Sim, precisamente. Só referi o que se espera para Lisboa e, de um modo geral para a maior parte da Região Litoral Centro, principalmente a zona sul. Para a zona de Coimbra e até Leiria espera-se um pouco mais de chuva e vento.
No Litoral Norte, aí sim, é uma situação novamente preocupante, para dizer o mínimo.


----------



## StormRic (Sábado às 05:56)

E começou a chover na AML a partir das 4:00.
Primeira linha de instabilidade pré-frontal entrou por Cascais, deixou acumulados à volta dos 2 mm (*2,3 mm* o mais elevado, nos Oitavos).

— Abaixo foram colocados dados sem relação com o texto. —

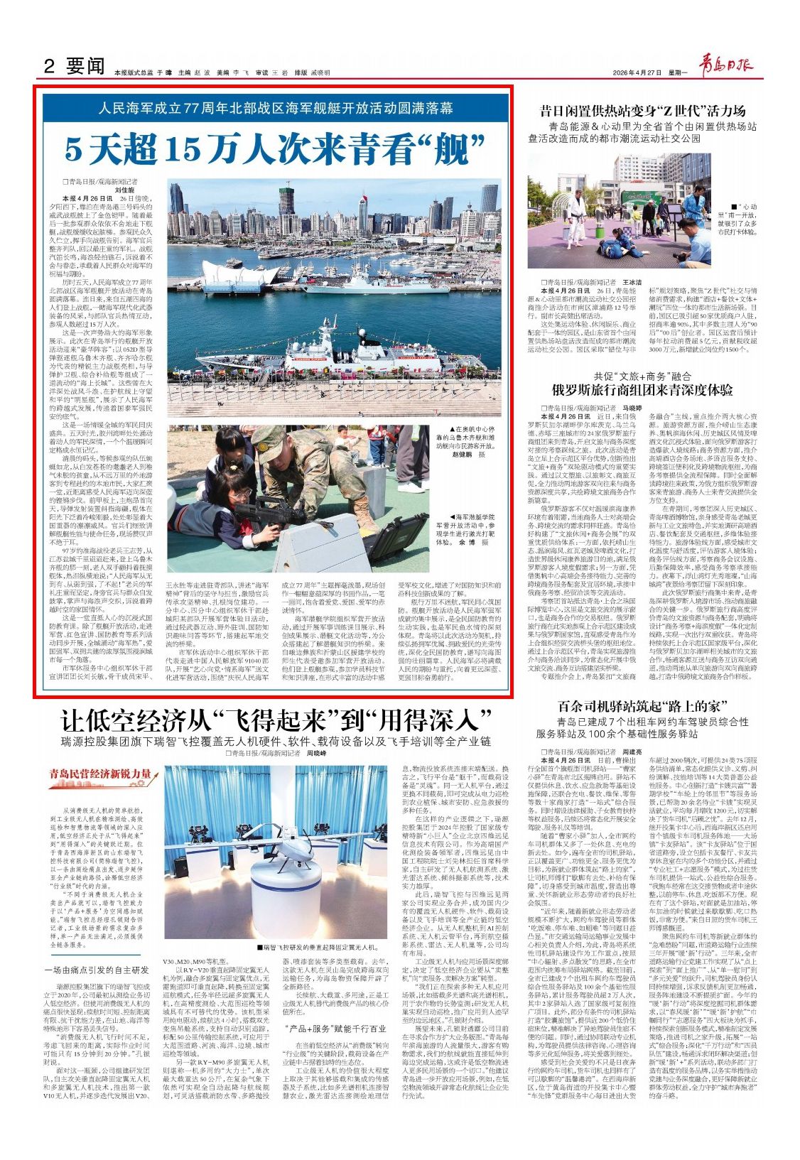 舰行万里不迷航,军民同心筑国防。舰艇开放活动是人民海军强军成就的集中展示,是全民国防教育的生动实践,也是军民鱼水情的深刻体现。青岛将以此次活动为契机,持续弘扬拥军优属、拥政爱民的光荣传统,深化全民国防教育,谱写向海图强的壮丽篇章。人民海军必将满载人民的期盼与重托,向着更远深蓝、更强目标奋勇前行。(青岛日报/观海新闻记者 刘佳旎)
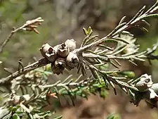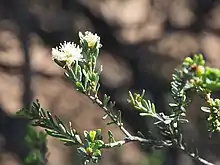 The flowers are cream to white, sometimes pinkish and arranged in heads on the ends of branches which continue to grow after flowering. The heads are up to 15 mm (0.6 in) in diameter with 3 to 18 individual flowers. The petals are 1.3–2 mm (0.05–0.08 in) long and fall off as the flower matures. There are five bundles of stamens around the flower, each with 7 to 11 stamens. Flowering occurs from September to November, and is followed by fruit which are woody, cup-shaped capsules, 1.8–2 mm (0.07–0.08 in) long in clusters along the stem.[2][3]
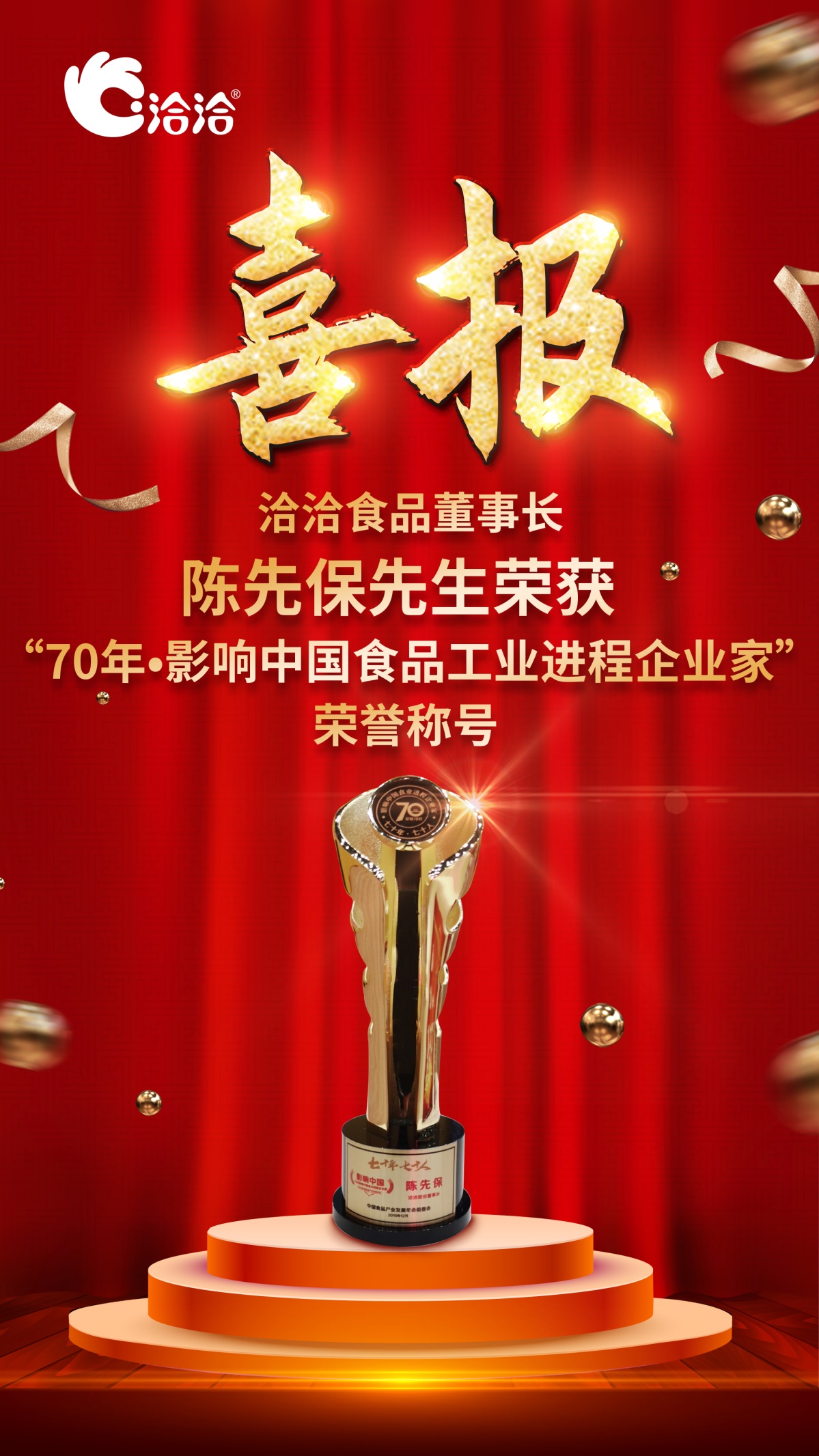 12月6日,“榮耀七十年·走進(jìn)新時(shí)代——2019中國(guó)食品產(chǎn)業(yè)發(fā)展年會(huì)暨2019(第四屆)華糖萬商領(lǐng)袖大會(huì)”在鄭州隆重召開。70年?食業(yè)改變中國(guó),為表彰致敬70年來為中國(guó)食品工業(yè)做出杰出貢獻(xiàn)的企業(yè)家,大會(huì)開展了“70年?70人——全民推選影響中國(guó)食品工業(yè)進(jìn)程企業(yè)家”評(píng)選活動(dòng),眾多全國(guó)食品工業(yè)領(lǐng)域的杰出企業(yè)家成為推選人物。最終通過全民票選,洽洽董事長(zhǎng)陳先保先生獲頒“70年?影響中國(guó)食品工業(yè)進(jìn)程企業(yè)家”榮譽(yù)稱號(hào)。 榮耀70年,走進(jìn)新時(shí)代!奮戰(zhàn)20年,展望未來,

Continuando o movimento para NE/ENE, foi regando bem ao longo de uma faixa passando por Belas (*1,3mm*), Loures (*1,5mm*), aqui na Póvoa (*0,8mm*), Alverca, Alhandra e até chegou a eco laranja forte ao encontrar o Tejo, antes de chegar a Samora Correia. Também houve células em Setúbal, mais fracas.


----------



## StormRic (Sábado às 06:12)

Nas estações da rede Clima.AML, *Loures* teve um aguaceiro forte de* 2,4 mm* por volta das 5:00.
Algueirão *1,4mm*.

E chove na Arrábida/Setúbal e a célula que passou aqui também em Samora Correia largou uma boa rega, curta mas intensa:


----------



## miguel (Sábado às 10:00)

Boas
Mínima 13,3ºC mas de madrugada foi subindo até aos 16ºC
 Caiu um aguaceiro forte mas de 1minuto apenas rendeu 0,6mm a ver se acumula muito mais que isto hoje.


----------



## "Charneca" Mundial (Sábado às 12:24)

Jopiro disse:


> Peço desculpa por ter atrasado 10 anos os meus votos. Já corrigi, obrigado.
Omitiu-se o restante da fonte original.